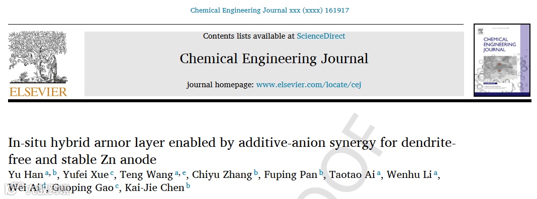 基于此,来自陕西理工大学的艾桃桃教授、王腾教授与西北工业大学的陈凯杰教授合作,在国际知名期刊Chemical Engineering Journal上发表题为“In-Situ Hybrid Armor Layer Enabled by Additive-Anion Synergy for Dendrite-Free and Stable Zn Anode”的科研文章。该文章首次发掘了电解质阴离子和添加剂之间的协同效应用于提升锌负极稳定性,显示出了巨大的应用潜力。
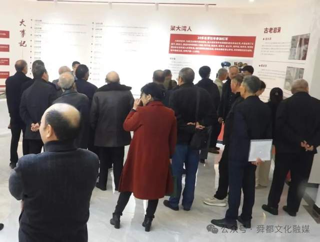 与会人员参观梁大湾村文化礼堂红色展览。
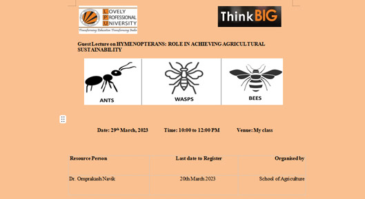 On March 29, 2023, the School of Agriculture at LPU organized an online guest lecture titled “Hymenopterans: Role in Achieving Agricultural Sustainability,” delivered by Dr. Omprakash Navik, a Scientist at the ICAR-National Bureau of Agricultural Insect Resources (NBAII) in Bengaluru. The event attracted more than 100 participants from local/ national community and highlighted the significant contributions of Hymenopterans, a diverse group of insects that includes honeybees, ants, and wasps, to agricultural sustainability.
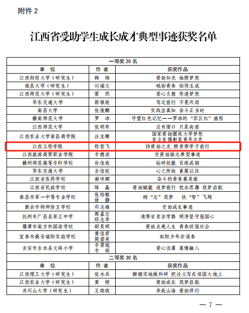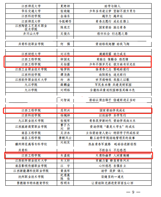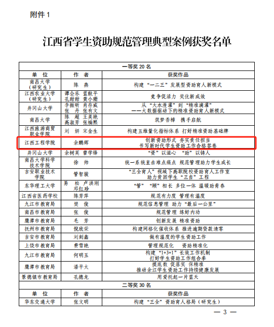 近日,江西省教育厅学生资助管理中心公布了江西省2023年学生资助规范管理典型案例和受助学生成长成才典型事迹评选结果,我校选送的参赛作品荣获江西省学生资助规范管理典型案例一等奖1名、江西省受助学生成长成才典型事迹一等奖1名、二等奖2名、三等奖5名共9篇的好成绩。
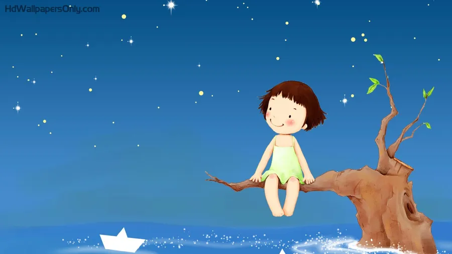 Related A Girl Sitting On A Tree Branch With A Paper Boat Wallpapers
::::::::
ACTION ITEM: Give back the material above word for word; no picture belongs in it.

SOLVED PROBLEM:
 基于此,来自陕西理工大学的艾桃桃教授、王腾教授与西北工业大学的陈凯杰教授合作,在国际知名期刊Chemical Engineering Journal上发表题为“In-Situ Hybrid Armor Layer Enabled by Additive-Anion Synergy for Dendrite-Free and Stable Zn Anode”的科研文章。该文章首次发掘了电解质阴离子和添加剂之间的协同效应用于提升锌负极稳定性,显示出了巨大的应用潜力。
 与会人员参观梁大湾村文化礼堂红色展览。
 On March 29, 2023, the School of Agriculture at LPU organized an online guest lecture titled “Hymenopterans: Role in Achieving Agricultural Sustainability,” delivered by Dr. Omprakash Navik, a Scientist at the ICAR-National Bureau of Agricultural Insect Resources (NBAII) in Bengaluru. The event attracted more than 100 participants from local/ national community and highlighted the significant contributions of Hymenopterans, a diverse group of insects that includes honeybees, ants, and wasps, to agricultural sustainability.
 近日,江西省教育厅学生资助管理中心公布了江西省2023年学生资助规范管理典型案例和受助学生成长成才典型事迹评选结果,我校选送的参赛作品荣获江西省学生资助规范管理典型案例一等奖1名、江西省受助学生成长成才典型事迹一等奖1名、二等奖2名、三等奖5名共9篇的好成绩。
 Related A Girl Sitting On A Tree Branch With A Paper Boat Wallpapers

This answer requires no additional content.